Finding Dino: A Plug-and-Play Framework for Zero-Shot Detection of Out-of-Distribution Objects Using Prototypes
Poulami Sinhamahapatra, Franziska Schwaiger, Shirsha Bose, Huiyu Wang, Karsten Roscher, Stephan Guennemann
TL;DR
PROWL addresses the open-world detection challenge by delivering a zero-shot, inference-only OOD detection framework that relies on a prototype feature bank built from frozen foundation-model features. It computes pixel-wise OOD heatmaps via per-pixel cosine similarity to class prototypes and uses an INCS-based threshold to flag unknown pixels, with a refinement step leveraging unsupervised foreground masks to yield precise OOD object masks.
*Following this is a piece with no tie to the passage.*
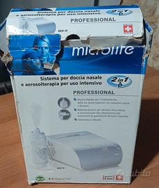 Nebulizzatore Microlife Aerosol NEB 10. L'apparecchio è usato ma perfettamente funzionante. Dispone, come da foto, del tubicino di gomma per fornire l'aria al nebulizzatore. LA SCALA CONTIENE SOLO IL TUBO IN GOMMA 2 MASCHERINE E IL CAVO DI ALIMENTAZIONE.

The approach demonstrates state-of-the-art zero-shot performance on road benchmarks and generalizes to rail and maritime domains without domain-specific training, outperforming several supervised baselines trained without auxiliary OOD data when combined with foreground-mask refinement. This plug-and-play framework enables rapid deployment in safety-critical settings and motivates harmonized evaluation for zero-shot OOD methods across diverse environments.
Abstract
Detecting and localising unknown or out-of-distribution (OOD) objects in any scene can be a challenging task in vision, particularly in safety-critical cases involving autonomous systems like automated vehicles or trains. Supervised anomaly segmentation or open-world object detection models depend on training on exhaustively annotated datasets for every domain and still struggle in distinguishing between background and OOD objects. In this work, we present a plug-and-play framework - PRototype-based OOD detection Without Labels (PROWL). It is an inference-based method that does not require training on the domain dataset and relies on extracting relevant features from self-supervised pre-trained models. PROWL can be easily adapted to detect in-domain objects in any operational design domain (ODD) in a zero-shot manner by specifying a list of known classes from this domain. PROWL, as a first zero-shot unsupervised method, achieves state-of-the-art results on the RoadAnomaly and RoadObstacle datasets provided in road driving benchmarks - SegmentMeIfYouCan (SMIYC) and Fishyscapes, as well as comparable performance against existing supervised methods trained without auxiliary OOD data. We also demonstrate its generalisability to other domains such as rail and maritime.